Fig. 1. Dish composition: calculated v. analysed values.

This approach ignores liability to heat of a great many nutrients, and losses that may result from chemical reactions as a consequence of the interaction between ingredients which are "incubated" for variable periods at 100°C or more. From a chemical view, feijoada was the dish to undergo the most drastic treatment (see recipe) and, in keeping with this, losses of 66 to 95 per cent were observed for protein and vitamin A respectively, regardless of the nutrient composition value used for the "recipe calculation." It was beyond the scope of this work to determine the actual causes for these losses, and we are first to admit that that of protein was the most intriguing. But the obvious conclusion is that food composition tables cannot continue to be used, without restriction, for calculating nutrient intakes.
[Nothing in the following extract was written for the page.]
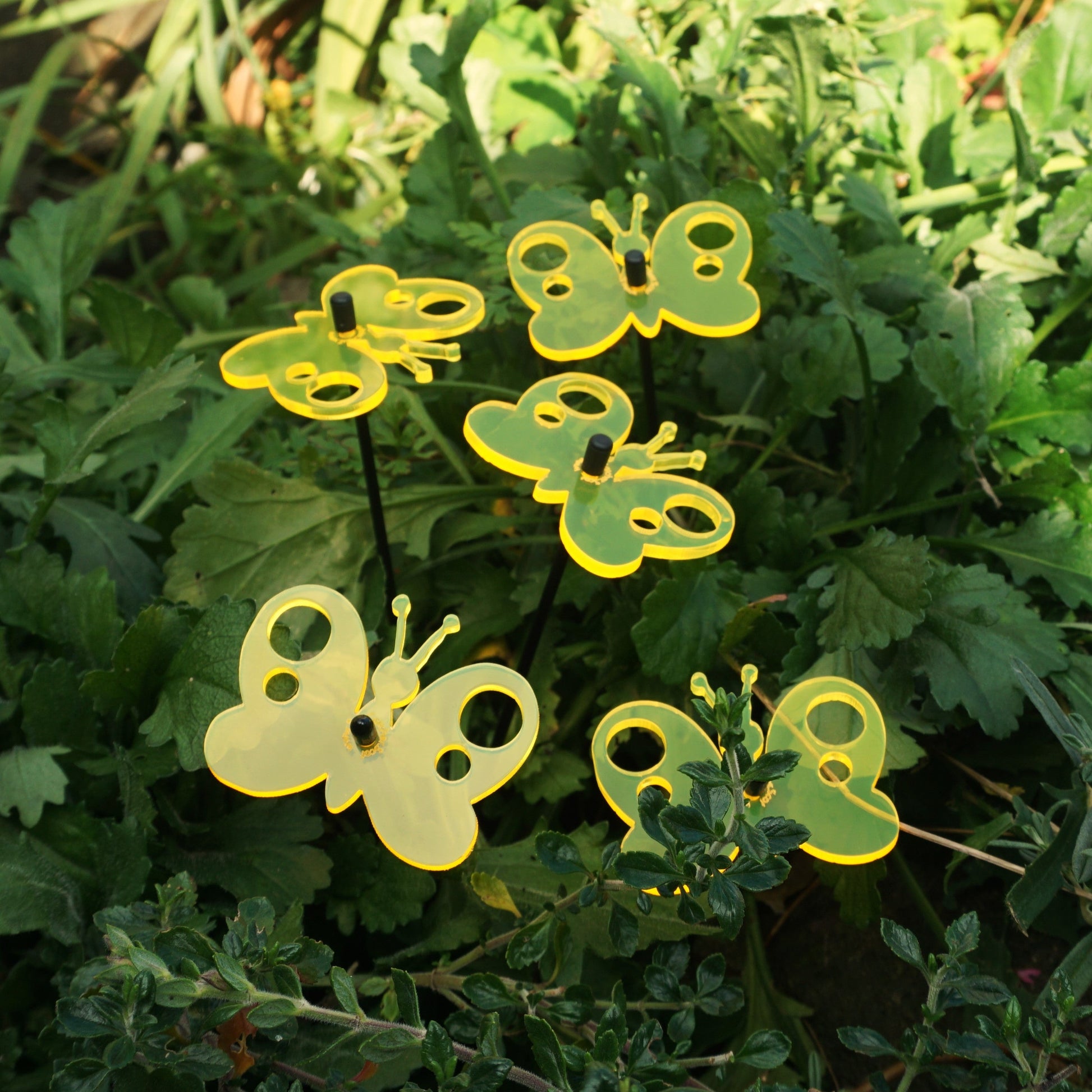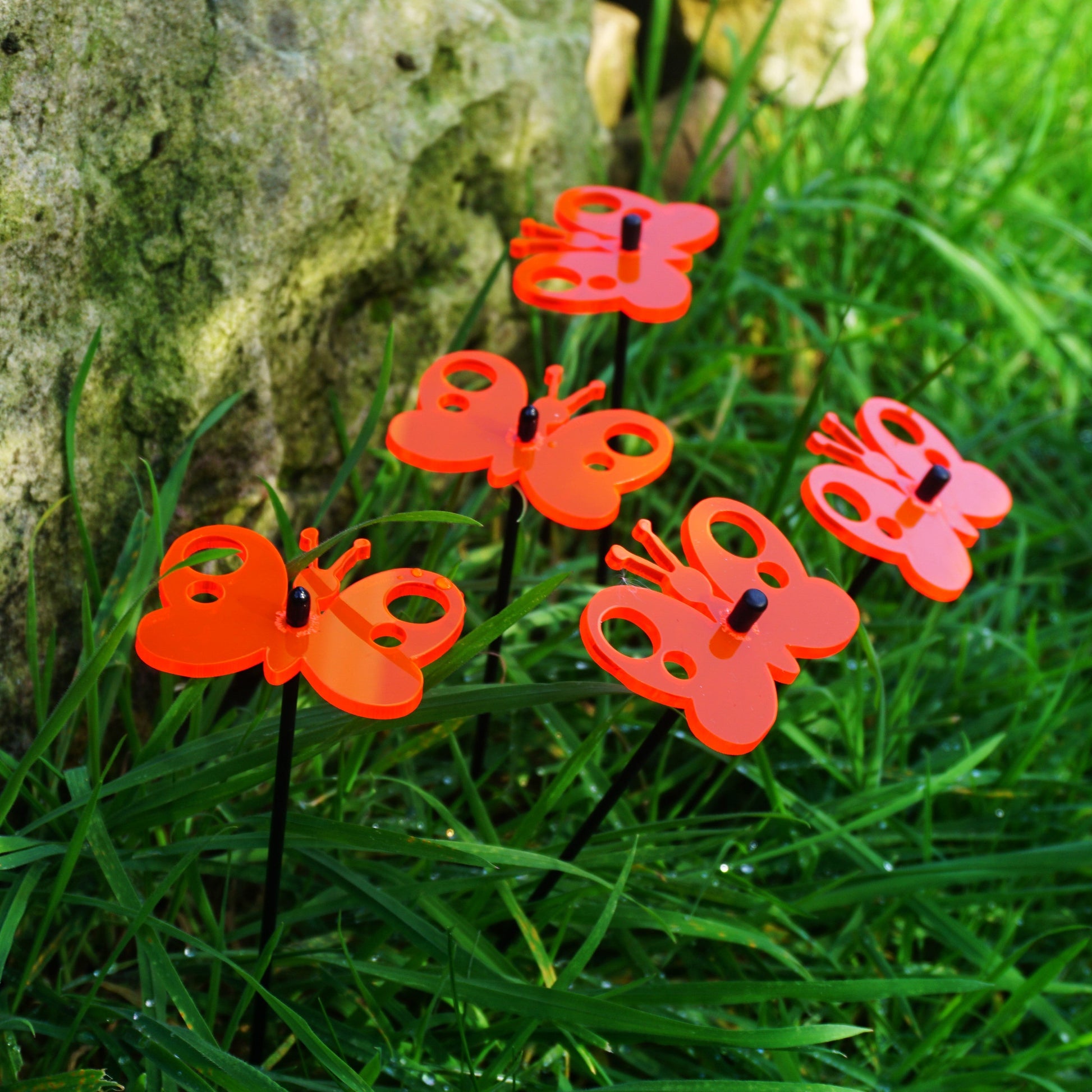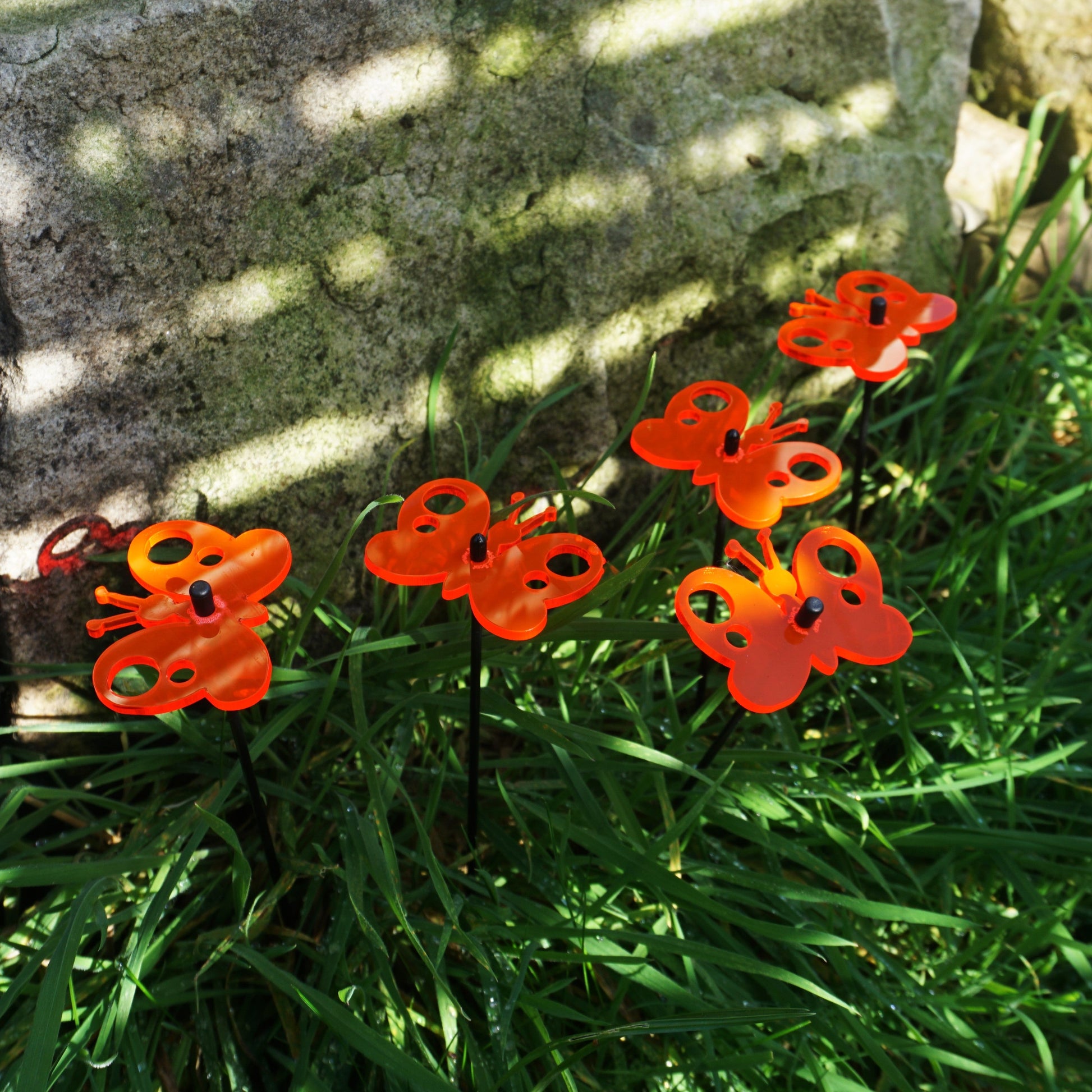This Set of 5 SunCatchers 'Peacock Butterfly' consists of:- a five wide, glowing light collector in red, orange, yellow, green or blue- five 25cm long, black swing rod,- matching support rings and end caps. Planted it is about 20cm high and looks great in your flower bed or pot. What are SunCatcher? SunCatcher are a new and unique form of garden decoration. They collect the light of the sun and shine for you when the sun is not. SunCatcher come in various colours, shapes and sizes. You will find a huge variety of small, midsize and large flowers, little geckos, sheep or owls as well as small and big butterflies, kites and even wind spinners. All designed to add some extra colour to your garden.

The number of foodstuffs and nutrients analysed here was very modest. One should bear in mind, however, that sweet potatoes, cassava flour, sugar, beans, and a little meat account for more than 70 per cent of the daily food intake of the underprivileged in this region [2], as well as in most of the rest of the country. This is what we consider to be "alimentary monotony." Regarding nutrients, our contention is that emphasis should always be given to those capable of generating, by deficient or excessive intake, public health problems. These nutrients would include protein, vitamin A, and iron; the list would vary according to region, but would certainly be limited in each case.

It is becoming increasingly important to count on reliable sources of accurate data for nutrient intake evaluation in connection with a number of nutrition-related diseases.

Our data show that food composition tables do not meet accuracy requirements when the analysis involves foods that are not consumed raw, and where the presence and amount of nutrients in foodstuffs are very dependent on local conditions, mainly soil composition. This work also shows that dietary data can be reconciled with related clinical and biochemical indicators.